ASSIGNMENT -> Reproduce every line of the material below exactly. No pictures belong in the copy.

RAW DATA ->
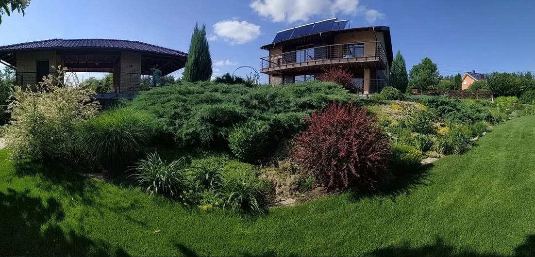 Ландшафтний дизайн — планування та виконання робіт з благоустрою земельної ділянки потребує професійного підходу та ретельної підготовки. Оформлення може бути виконане в різних стилях: класичний, пейзажний, японський, модерн та багато інших. Нескінченні варіації ландшафтного дизайну двору підкреслюють природну красу рослин та створюють унікальне обрамлення домобудівництва. Відповідно до побажань власника земельної ділянки, можливо:
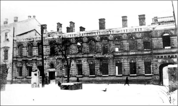 «Госпиталь, в котором служил Петровский. Вскоре после боев, госпиталь был разрушен»
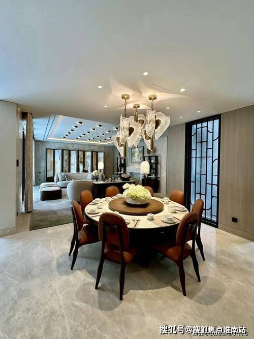 ✅士林润园营销中心热线4008875663(官方预约看房热线)餐厅的设计巧妙融合了老上海的经典元素,圆形餐桌和橘色皮质餐椅在色彩上既现代又充满活力,顶部的水晶吊灯造型灵感来自上海市花“玉兰花”,既增添了空间的华丽感,又巧妙地融入了上海的地域特色。

EXERCISE RESPONSE ->
 Ландшафтний дизайн — планування та виконання робіт з благоустрою земельної ділянки потребує професійного підходу та ретельної підготовки. Оформлення може бути виконане в різних стилях: класичний, пейзажний, японський, модерн та багато інших. Нескінченні варіації ландшафтного дизайну двору підкреслюють природну красу рослин та створюють унікальне обрамлення домобудівництва. Відповідно до побажань власника земельної ділянки, можливо:
 «Госпиталь, в котором служил Петровский. Вскоре после боев, госпиталь был разрушен»
 ✅士林润园营销中心热线4008875663(官方预约看房热线)餐厅的设计巧妙融合了老上海的经典元素,圆形餐桌和橘色皮质餐椅在色彩上既现代又充满活力,顶部的水晶吊灯造型灵感来自上海市花“玉兰花”,既增添了空间的华丽感,又巧妙地融入了上海的地域特色。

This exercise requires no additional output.